Best player-seasons by normalized defensive ratings, 2019 and 2021
Player Team Season Minutes Position g-/96 Int. g+/96 (g- + g+)/96
Yeimar Gómez Andrade SEA 2021 2932 RCB 0.034 0.040 0.074
Alexander Callens NYC 2021 2293 LCB 0.024 0.038 0.062
Marco Farfan LAFC 2021 1934 LCB 0.052 0.005 0.056
Jack Elliott PHI 2021 3289 LCB 0.020 0.037 0.056
Latif Blessing LAFC 2019 2957 RCM 0.024 0.026 0.050
Eddie Segura LAFC 2019 3246 LCB 0.038 0.011 0.049
Dru Yearwood NYRB 2021 1851 DM 0.034 0.013 0.047
Andy Najar DCU 2021 2093 RCB 0.052 -0.005 0.047
Judson SJE 2019 2068 DM -0.005 0.052 0.047
Claudio Bravo POR 2021 2242 LB -0.014 0.061 0.047

Conclusion

Evaluating defense is hard, whether you’re doing it with your eyes or your spreadsheets. g- (“g minus”) is our attempt to better evaluate defense using the common currency of goals, allocated to players all over the field. Goals Added gave us a tool to quantify the value of actions all over the field, and here we inverted those values to debit defenders rather than credit attackers. There’s a nice symmetry to it, but did it work? 

I think there are some positives to be taken from the Results section before we rehash the clear shortcomings. In the normalized defensive ratings–i.e., the combination of g- and Interrupting g+–we got players on good defensive teams. This was expected, because we know that player g- sums to team g+ allowed (basically), and it’s a good thing. Good defensive teams are made up of good defensive players–or at least, players who are so good offensively that it becomes good defense. I actually kind of like that it might be valuing that, too. 
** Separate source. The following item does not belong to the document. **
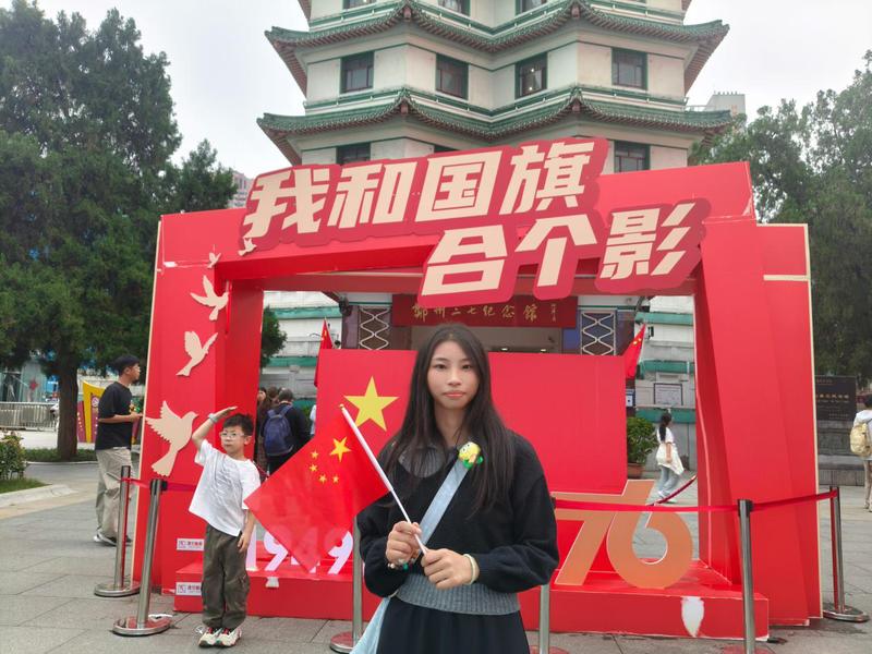 活动倡议发出后,同学们热情高涨,纷纷走向打卡点,以各种富有创意的方式与国旗合影。有的手持小国旗,在国旗下绽放出青春的笑脸;有的以个性化的姿势,表达对祖国的热爱与祝福;还有的到红色场馆记录下与国旗相伴的难忘瞬间。一面面鲜艳的国旗,一张张灿烂的笑脸,共同组成了对祖国最深情的告白。

But we also got Bravo from Portland’s 2021 team, 3rd worst by team g+ allowed that season, and Judson from San Jose’s 2019 team, 9th worst by team g+ allowed. These players go against the grain, finding a way to perform well here on bad teams. Yes, their strengths were their interrupting prowess, not necessarily their ability to prevent g+ from flowing through their zones, but I think that was exactly what Tiotal Football was getting at in the introduction. Interrupting g+ is mostly meaningless unless you can control for the opportunities the player had to interrupt in some way–like a denominator to help control the numerator. On the offensive side, if a player completes 100 passes per game, what does it matter if he turns it over 100 times, as well? Passes attempted, and the more advanced expected passes completed, become that control. I think maybe we have created something that can help control for otherwise unmitigated Interrupting g+! 

There were also many shortcomings and challenges presented throughout this deep dive into g-. At its core, determining defensive responsibility is hard no matter how much data you have. Was that player actually covering for another who deserves the blame? Was the attacker out of position because their role is to, well, attack? For this metric to be a meaningful compliment to g+ and overall value, should we even care what their role is? Tracking data does not magically solve any of this.

Looking ahead, how are we going to evaluate set pieces? Is there a better approach for debiting attacking players without relying on the positional normalization trick? Should we include goal keepers? At this point I’m just full of questions with few answers. In the end, it seems like this iteration of g- could be useful, while still falling well short of a silver bullet to defensive evaluation.